Fredrik said:
They are certainly not going outside of the framework of ontological models for QM in the theorem or the proof.
I don't see them as going outside the framework of ontological models, I see their position as largely circular-- they are embracing ontological models in their assumptions, then proving something about how ontological quantum mechanics needs to be. They have
married ontology, in their assumptions right from the start, so we should not be surprised when they wake up in bed with it at the end of the proof! Indeed I would say they have married the most basic type of ontology, the ontology of individual systems with no "contextual", as per
Demystifer, and no "relational", as per
my_wan, elements to boot. It is only for those who would go along with that narrow concept of what realism requires that would even find relevance in their proof.
We don't have to "imagine there are properties".
Yet we do have to do that, or they have not proven anything. They state that themselves, and you summarized it, when they said "Our
main assumption is that after preparation, the quantum system has some set of physical properties. These may be completely described by quantum theory, but in order to be as general as possible, we allow that they are described by some other, perhaps
undiscovered theory. Assume that a complete list of these physical properties corresponds to some mathematical object, lambda." (my bold).
So this is their main assumption, they are not claiming to have proven anything if this assumption is not taken as true, and true in the sense of mathematical logic, not merely a
valid way (in
my_wan's sense) to think about quantum mechanics in the physicist sense. Not only must we assume that the system "has" these properties, there are quite a few other implicit assumptions-- we must assume there really is such a thing as a quantum system (not just a treatment the physicist is choosing, which is actually how physics has always worked), and we must assume that the properties are expressible mathematically (so they cannot be some undefined concept of a property, they must be a property of a very specific type that ignores the distinctions between the map and the territory).

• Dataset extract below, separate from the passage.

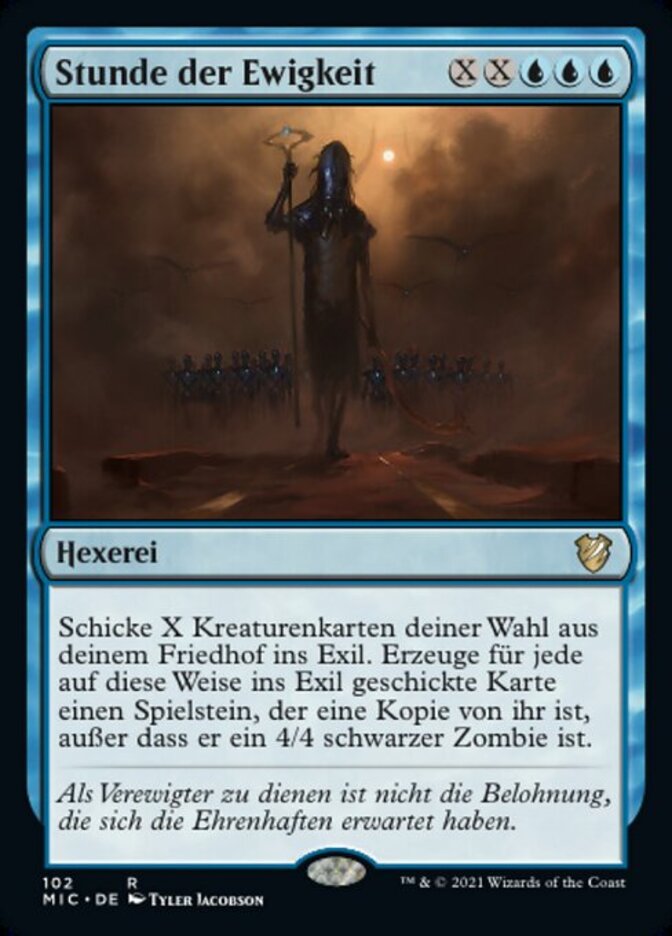 | Rules | Exile X target creature cards from your graveyard. For each card exiled this way, create a token that's a copy of that card, except it's a 4/4 black Zombie. |

If we define "theory of physics" as I did in my previous post, the theorem says that state vectors in QM do not correspond bijectively to epistemic states in any theory of physics such that a) it makes the same predictions as QM, and b) some of the probability distributions are overlapping.
But that's only because the deck is already stacked against "epistemic states" by the
assumption that ontological states actually mediate the connection between preparations and outcomes. Yet there is nothing in the meaning of a "theory of physics" that requires that "main assumption". I never make that assumption in any of the physics I conceptualize, I don't think that assumption has anything to do with physics at all in fact. Maybe they didn't really need to make that assumption, maybe they never needed to talk about the causal connection between properties and outcomes at all. But they appear to think they do-- if that is their main assumption! Why do they need that intermediary, that the preparation --> properties ---> predictions, instead of what physics demonstrably does, which is connect the preparation directly to the predicted outcomes via a mathematical object that "causes" the
predictions, not the actual outcomes, to be what they are.
I don't understand why you think there's something weird here. Later in this post, you agreed that a theory of physics needs a rule that identifies preparations with probability measures on the set whose members determine the probabilities of measurement results. Now you seem to be dismissing that very thing, and it's very hard to tell why.
No, I don't have any issue with saying that the preparation leaves the system in a state, that's how the theory describes the preparation. I have no problem with saying that the theory takes that state and uses it to make predictions, that's just what the theory does. I don't even mind lending the name "properties" to the mathematical elements of the theory. But what I do object to is imagining that anything that happened in that series of sentences referred to anything other than the theory itself-- nowhere in that chain was there any attribution to something that the reality did, nowhere did the theory become subjugated to some physically real properties that actually caused the outcomes to occur. None of that is necessary in physics, and it's not even necessary in realism, which is more to the point. Yet it is their "main assumption." They cannot leave it at the chain of sentences I just gave, which referred only to the theory, they must create, as the foundation of their proof, a mechanism whereby ontological properties are actually responsible for what happens to the system. That's where they stacked the deck, in a way that is not a "mild assumption", and is not a requirement to apply realism (just not naive realism) to physics.
If you don't like my objection to talking about properties causing outcomes, then look at
Demystifier's objection to treating the properties as if they were completely endemic to the system. The PBR approach requires that there be an ontic system in the first place, and it have its own properties, independent of its environment, and most importantly, independent of the physicist studying it. Those are huge assumptions, and actually leave rather little left for the actual proof, but the proof does proceed to completion from that point. Hence the proof should be characterized as a consequences for QM of a particular assumption about the universe, rather than something about QM by itself.
I have really tried to make sense of this. Their argument is clearly not about nothing, and why would anyone want to call equivalence classes of preparations "outcomes" instead of "states"?
I never suggested they should rename what a state is, such a renaming would not alter what they have proved-- and what they have not proved. Indeed I have no objection at all to characterizing states as equivalence classes of preparations, it is what they view as natural consequences of that characterization that I object to. A state is a decision to group together preparations in a certain way, with no requirement to enter into a certain kind of fantasy about reality (that preparations refer to properties in reality, not just properties of the theory).